* _Work required_:
What you return should match the data word for word, minus the images.

* _Provided data_:
__________________________________________________
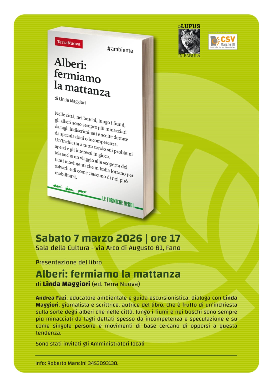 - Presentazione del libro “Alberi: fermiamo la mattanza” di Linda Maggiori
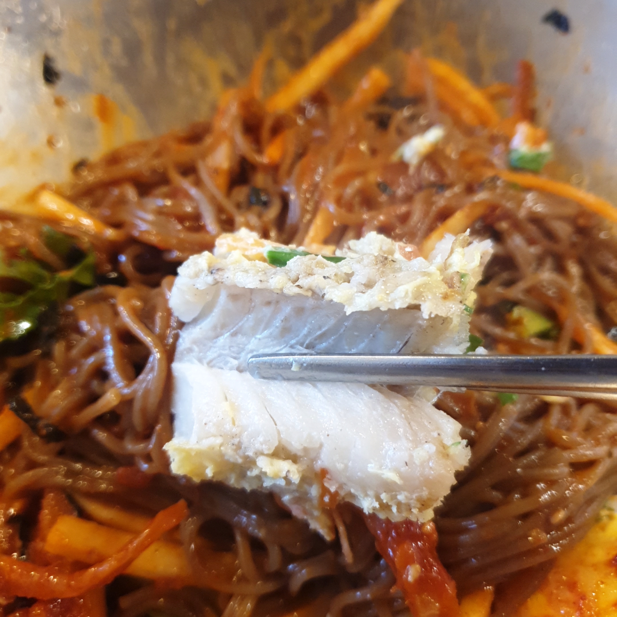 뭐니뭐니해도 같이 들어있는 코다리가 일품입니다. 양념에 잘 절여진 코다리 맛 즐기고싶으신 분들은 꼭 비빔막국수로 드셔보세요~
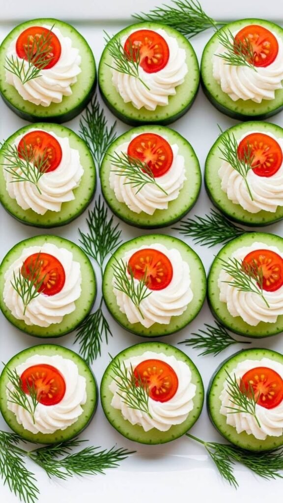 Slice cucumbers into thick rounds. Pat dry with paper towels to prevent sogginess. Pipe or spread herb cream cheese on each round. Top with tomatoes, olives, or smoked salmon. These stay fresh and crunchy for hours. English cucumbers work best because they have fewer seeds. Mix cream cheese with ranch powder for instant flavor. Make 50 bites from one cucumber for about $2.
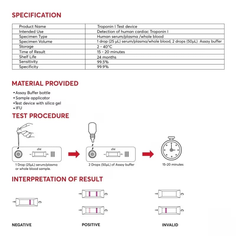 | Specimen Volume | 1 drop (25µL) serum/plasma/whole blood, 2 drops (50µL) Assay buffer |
__________________________________________________
* _Output of the task_:
 - Presentazione del libro “Alberi: fermiamo la mattanza” di Linda Maggiori
 뭐니뭐니해도 같이 들어있는 코다리가 일품입니다. 양념에 잘 절여진 코다리 맛 즐기고싶으신 분들은 꼭 비빔막국수로 드셔보세요~
 Slice cucumbers into thick rounds. Pat dry with paper towels to prevent sogginess. Pipe or spread herb cream cheese on each round. Top with tomatoes, olives, or smoked salmon. These stay fresh and crunchy for hours. English cucumbers work best because they have fewer seeds. Mix cream cheese with ranch powder for instant flavor. Make 50 bites from one cucumber for about $2.
 | Specimen Volume | 1 drop (25µL) serum/plasma/whole blood, 2 drops (50µL) Assay buffer |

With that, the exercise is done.